• Action item: Nothing but text lines should be duplicated: start with the first line of the listing below and stop after the line holding "Escultura de mármol", omitting pictures.

• The data:
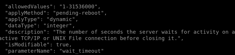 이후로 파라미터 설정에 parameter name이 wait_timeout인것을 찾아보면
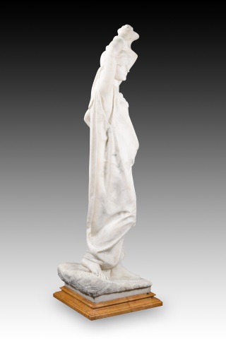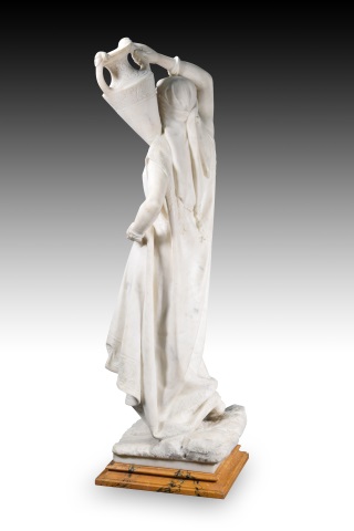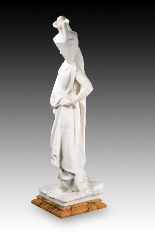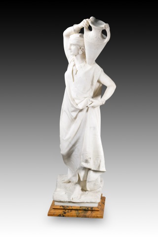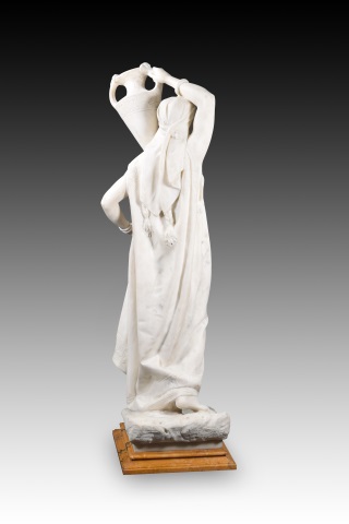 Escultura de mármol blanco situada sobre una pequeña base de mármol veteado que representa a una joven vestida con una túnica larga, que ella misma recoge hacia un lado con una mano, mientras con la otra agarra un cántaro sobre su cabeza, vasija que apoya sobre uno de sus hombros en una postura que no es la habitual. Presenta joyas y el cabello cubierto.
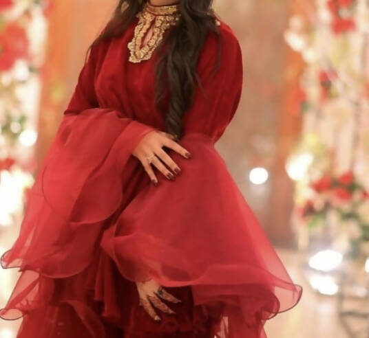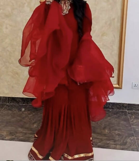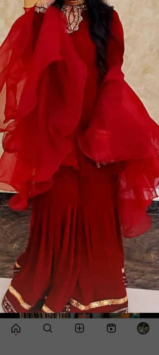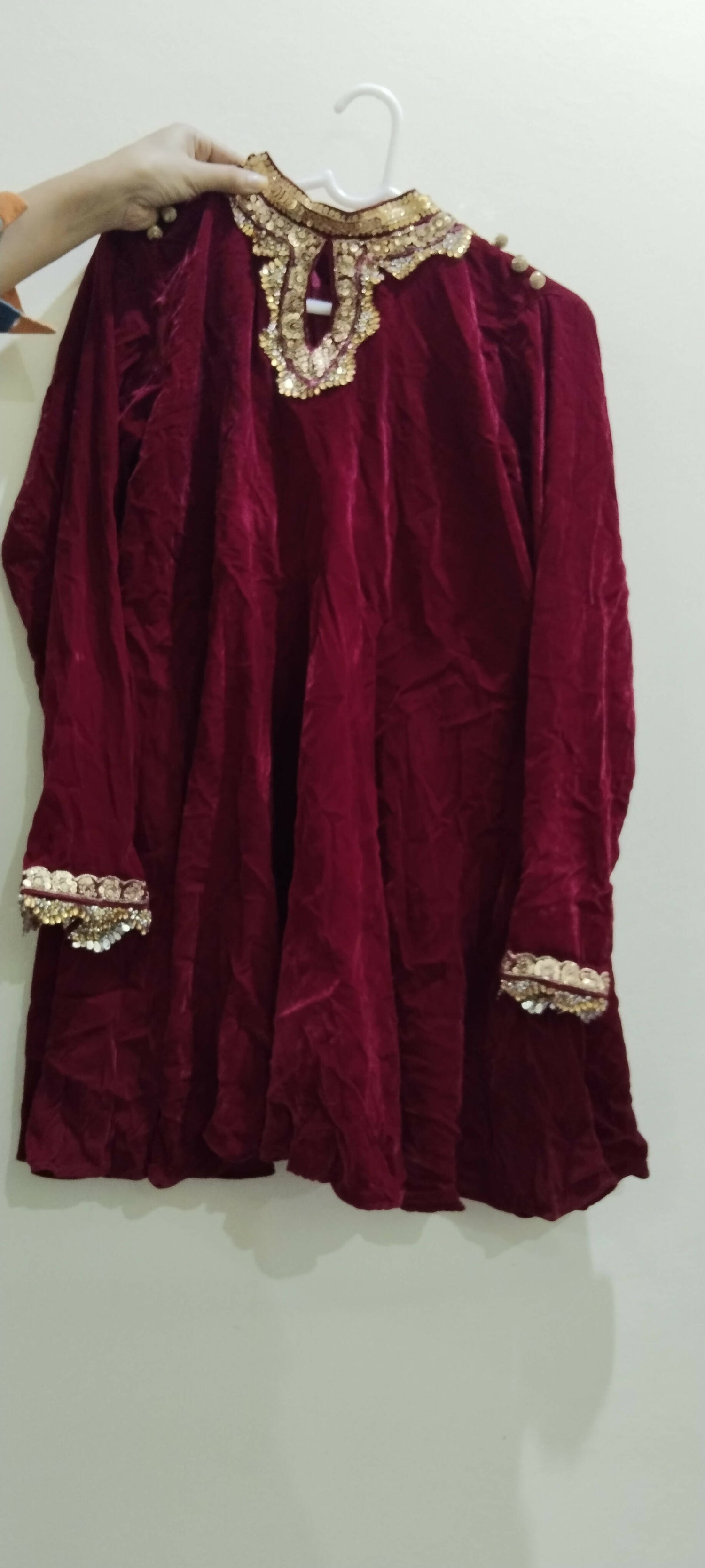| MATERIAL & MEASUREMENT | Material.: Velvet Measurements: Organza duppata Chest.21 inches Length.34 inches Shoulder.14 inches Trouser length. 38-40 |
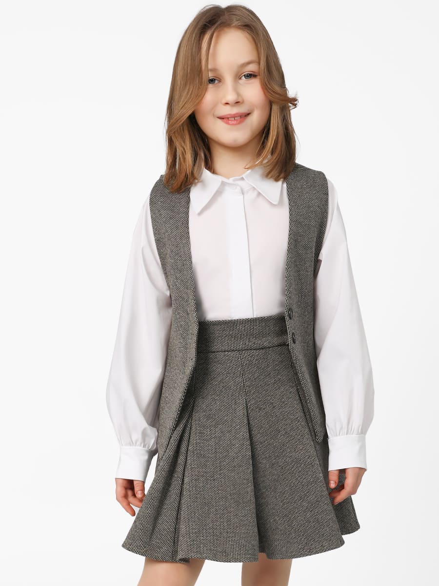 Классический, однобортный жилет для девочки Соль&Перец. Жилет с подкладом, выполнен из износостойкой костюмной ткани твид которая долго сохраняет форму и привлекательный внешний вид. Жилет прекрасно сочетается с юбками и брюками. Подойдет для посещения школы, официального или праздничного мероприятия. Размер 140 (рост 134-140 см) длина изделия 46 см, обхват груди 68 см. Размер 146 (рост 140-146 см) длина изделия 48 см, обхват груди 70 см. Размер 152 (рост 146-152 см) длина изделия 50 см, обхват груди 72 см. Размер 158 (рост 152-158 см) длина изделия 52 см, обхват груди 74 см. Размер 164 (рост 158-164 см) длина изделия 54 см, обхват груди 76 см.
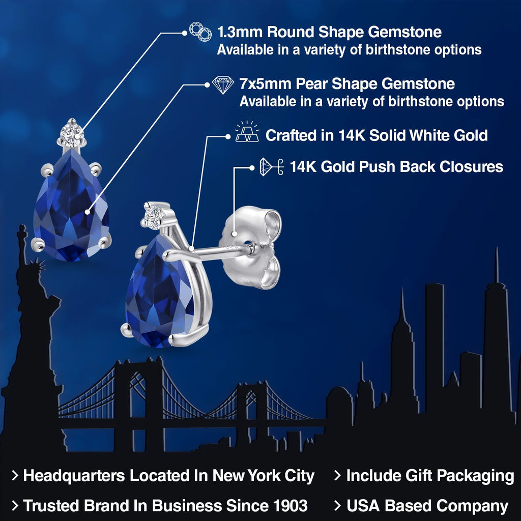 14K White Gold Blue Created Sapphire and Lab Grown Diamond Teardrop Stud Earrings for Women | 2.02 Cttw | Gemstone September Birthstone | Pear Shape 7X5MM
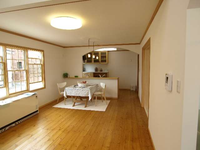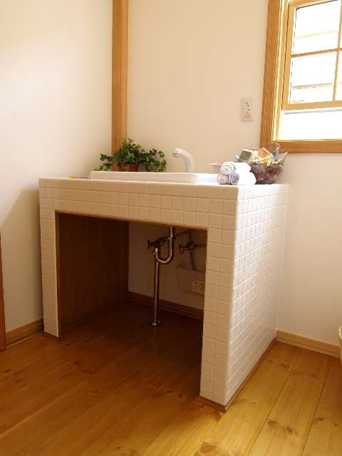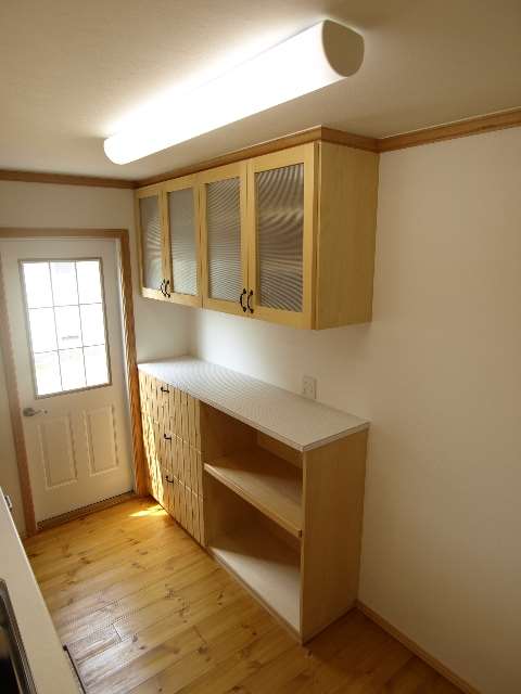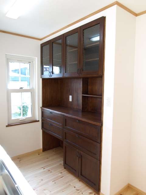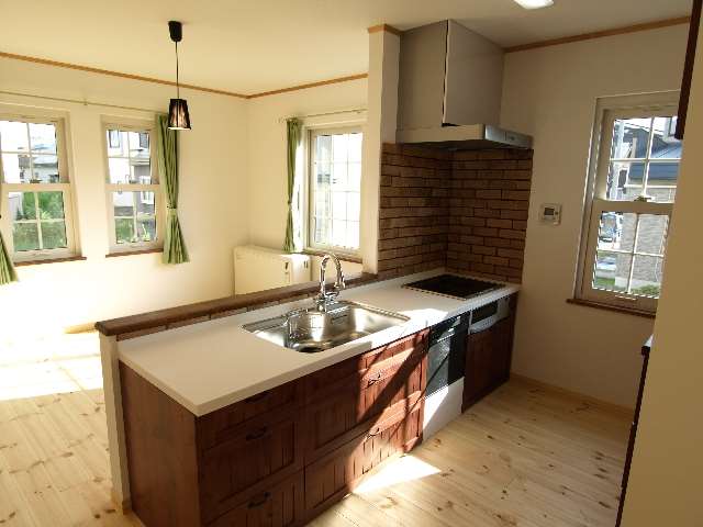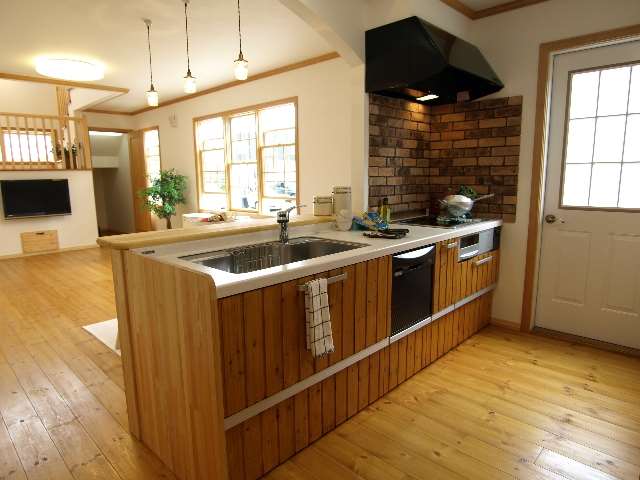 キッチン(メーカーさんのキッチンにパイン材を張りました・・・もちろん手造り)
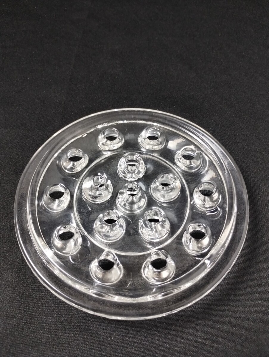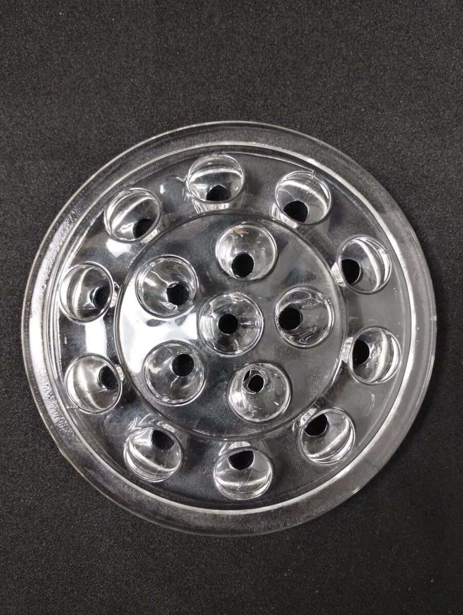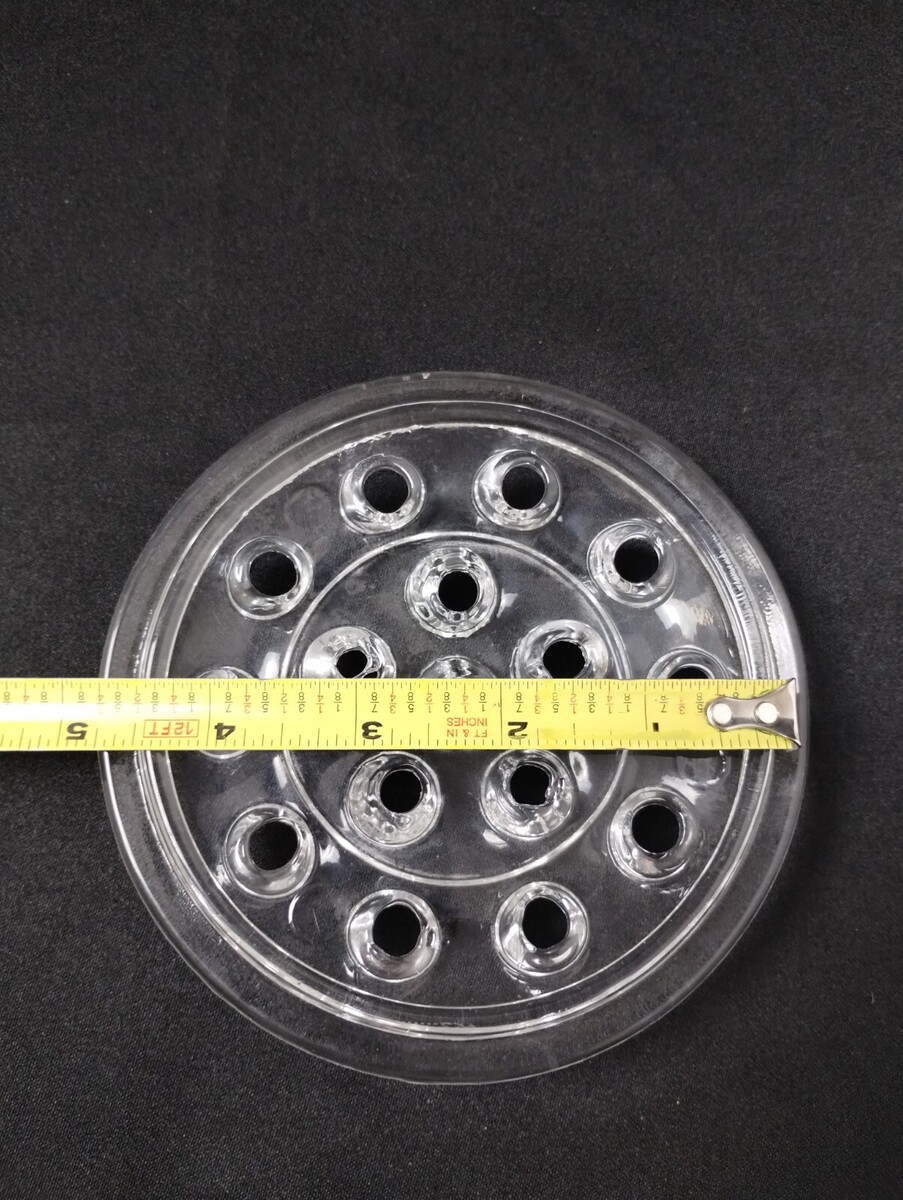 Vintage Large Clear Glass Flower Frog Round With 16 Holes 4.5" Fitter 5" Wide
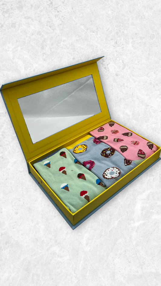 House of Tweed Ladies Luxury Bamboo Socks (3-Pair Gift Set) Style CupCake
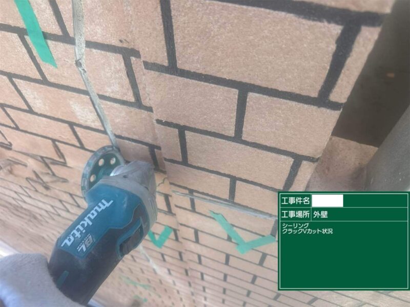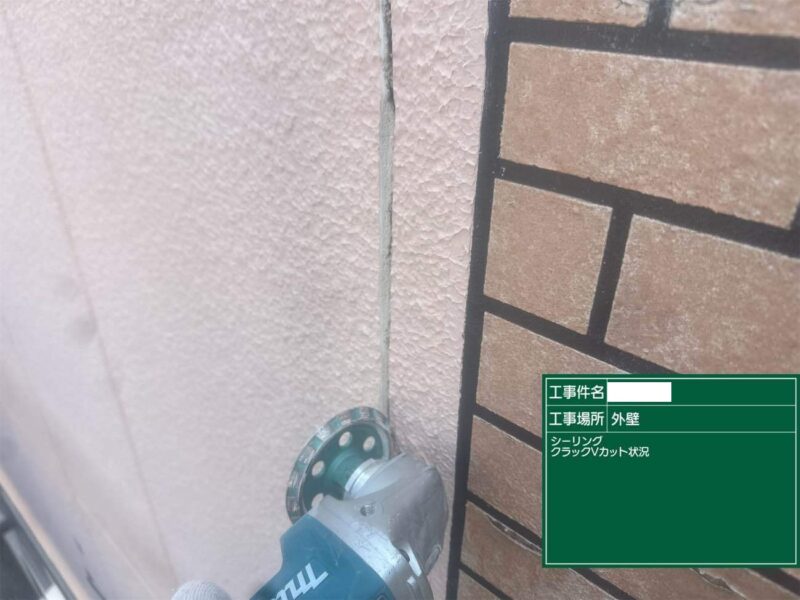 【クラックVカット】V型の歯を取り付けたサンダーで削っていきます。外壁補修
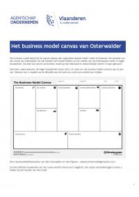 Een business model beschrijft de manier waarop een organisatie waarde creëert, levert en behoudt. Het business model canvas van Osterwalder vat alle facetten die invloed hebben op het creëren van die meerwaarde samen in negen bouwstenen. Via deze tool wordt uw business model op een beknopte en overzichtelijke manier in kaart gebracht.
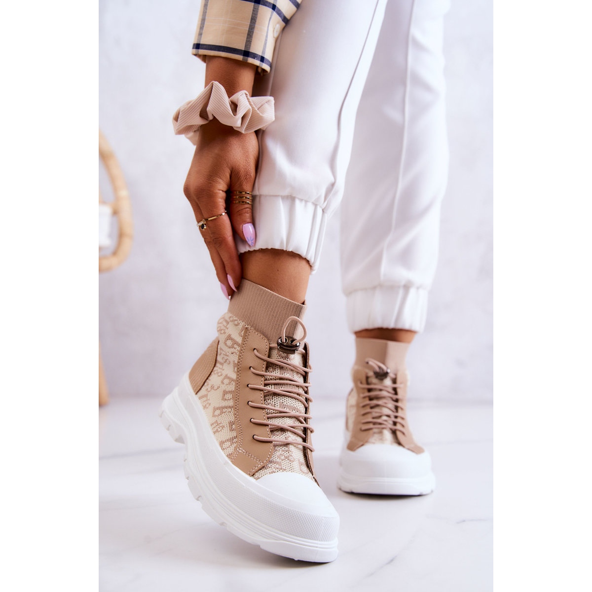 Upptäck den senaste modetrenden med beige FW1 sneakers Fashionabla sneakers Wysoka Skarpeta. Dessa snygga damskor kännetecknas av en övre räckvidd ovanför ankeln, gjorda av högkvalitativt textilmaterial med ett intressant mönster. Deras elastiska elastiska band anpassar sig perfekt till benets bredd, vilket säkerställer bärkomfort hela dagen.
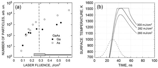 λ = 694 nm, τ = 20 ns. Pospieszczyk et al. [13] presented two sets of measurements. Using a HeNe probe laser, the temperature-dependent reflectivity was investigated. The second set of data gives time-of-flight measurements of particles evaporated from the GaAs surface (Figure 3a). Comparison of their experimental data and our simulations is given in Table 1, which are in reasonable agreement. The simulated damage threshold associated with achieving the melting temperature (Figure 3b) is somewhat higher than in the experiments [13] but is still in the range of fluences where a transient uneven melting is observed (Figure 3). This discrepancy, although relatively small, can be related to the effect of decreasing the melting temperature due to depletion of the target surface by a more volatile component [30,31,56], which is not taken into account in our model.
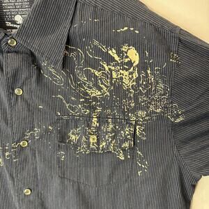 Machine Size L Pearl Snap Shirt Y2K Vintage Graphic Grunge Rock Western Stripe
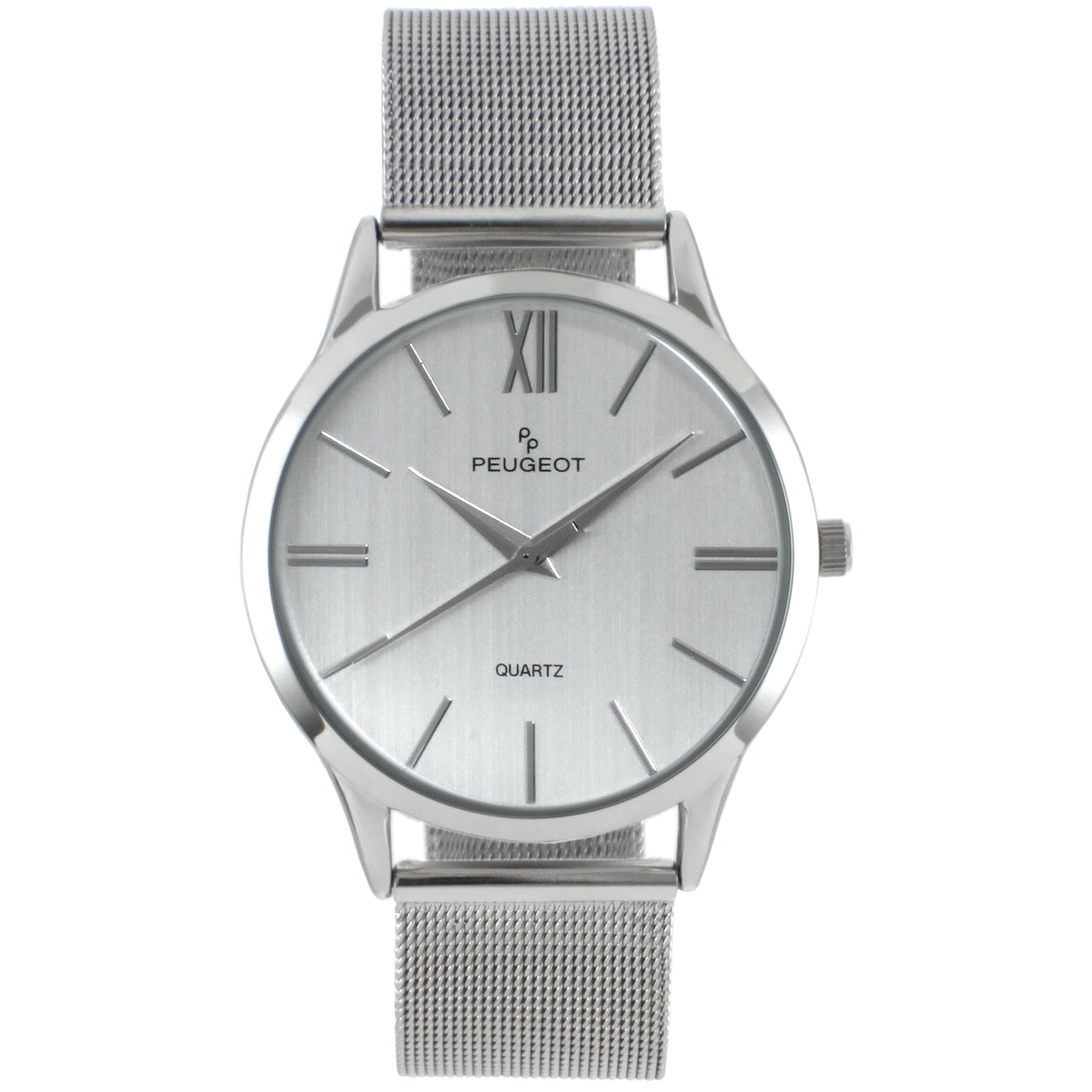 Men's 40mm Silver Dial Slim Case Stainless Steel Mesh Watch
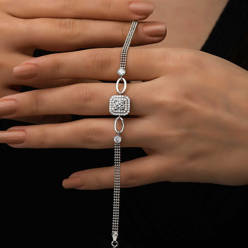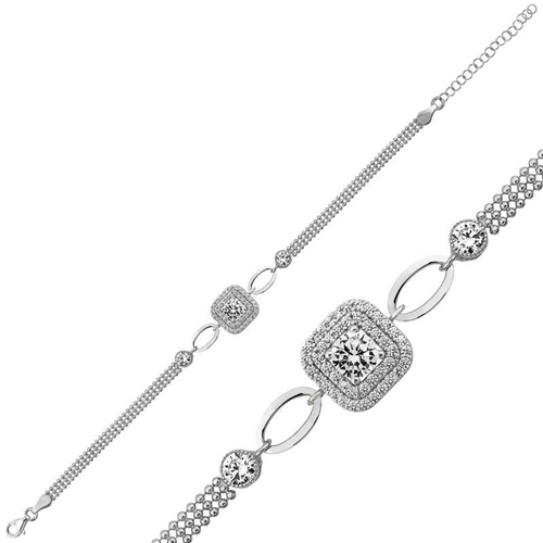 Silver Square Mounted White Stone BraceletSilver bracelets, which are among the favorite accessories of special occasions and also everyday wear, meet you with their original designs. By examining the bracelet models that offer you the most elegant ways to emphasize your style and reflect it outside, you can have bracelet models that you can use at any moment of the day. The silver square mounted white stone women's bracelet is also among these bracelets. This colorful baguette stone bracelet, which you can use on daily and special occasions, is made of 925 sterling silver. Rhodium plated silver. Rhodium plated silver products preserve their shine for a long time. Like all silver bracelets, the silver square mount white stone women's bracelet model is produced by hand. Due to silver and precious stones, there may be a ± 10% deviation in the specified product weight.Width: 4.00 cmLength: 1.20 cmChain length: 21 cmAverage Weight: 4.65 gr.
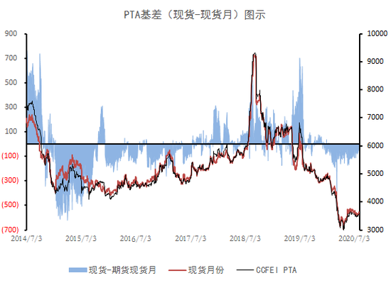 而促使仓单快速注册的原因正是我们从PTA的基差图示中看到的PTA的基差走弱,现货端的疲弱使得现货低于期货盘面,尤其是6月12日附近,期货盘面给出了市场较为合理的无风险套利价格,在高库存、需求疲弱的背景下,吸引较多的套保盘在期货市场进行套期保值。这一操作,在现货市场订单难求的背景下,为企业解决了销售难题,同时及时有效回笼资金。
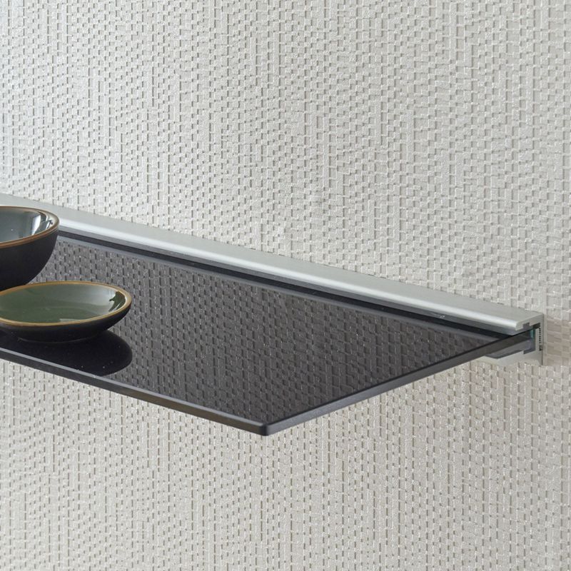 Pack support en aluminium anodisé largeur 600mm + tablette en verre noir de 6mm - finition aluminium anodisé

• Exercise solution:
 이후로 파라미터 설정에 parameter name이 wait_timeout인것을 찾아보면
 Escultura de mármol blanco situada sobre una pequeña base de mármol veteado que representa a una joven vestida con una túnica larga, que ella misma recoge hacia un lado con una mano, mientras con la otra agarra un cántaro sobre su cabeza, vasija que apoya sobre uno de sus hombros en una postura que no es la habitual. Presenta joyas y el cabello cubierto.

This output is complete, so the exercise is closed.